Литмир - Электронная Библиотека

— Слышь, друг, — он тронул цыгана за плечо, тот попридержал шаг, обернулся:

— Ну?

— Это чего горит? Северное сияние?

— На всякий пожарный — моя фамилия Старенков.

— Костылев, — Иван нащупал в темноте ладонь цыгана, тряхнул ее.

— Поручкались. Нет, это не северное сияние. Это газ сжигают. Попутно с нефтью газ из земли выходит. Девать продукт некуда, и, чтоб он не засорял воздух, его сжигают.

— Богатеи.

— М-угу. Не нашлось еще умной головы, чтобы эти миллионы в дело пустить.

— Слышь! — Костылев умолк. Старенков остановился, и в темноте Иван увидел совсем близко его лицо, большое, плоское, словно увеличенное сквозь линзу. — Слышь! — повторил он. — Ты это... На работу будешь устраиваться иль уже здесь работаешь, а?

— Работаю, — ответил Старенков, лицо его отодвинулось от Костылева, стушевалось.

Костылев даже присел, чтобы увидеть цыгана на фоне зарева.
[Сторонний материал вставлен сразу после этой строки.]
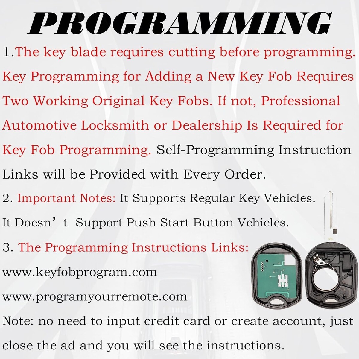 PROGRAMMING: The key blade requires cutting before programming. Key Programming for Adding a New Key Fob Requires Two Working Original Key Fobs. If You Don?t Have Two Working Key Fobs, Professional Automotive Locksmith or Dealership Is Required for Key Fob Programming. Self-Programming Instruction Links will be Provided with Every Order

Оказывается, стоит совсем рядом, рукой дотянуться можно, а вот не виден. Странное какое-то зарево. В деревне если ночью заполыхает, то становится видно, как днем, а тут, сколько ни напрягай зрение, все равно как близорукий без очков.

— Что? Шнурки посеял? — произнес из темноты Старенков.

— А семья у тебя где? Здесь? — пропустив вопрос насчет шнурков, спросил Костылев.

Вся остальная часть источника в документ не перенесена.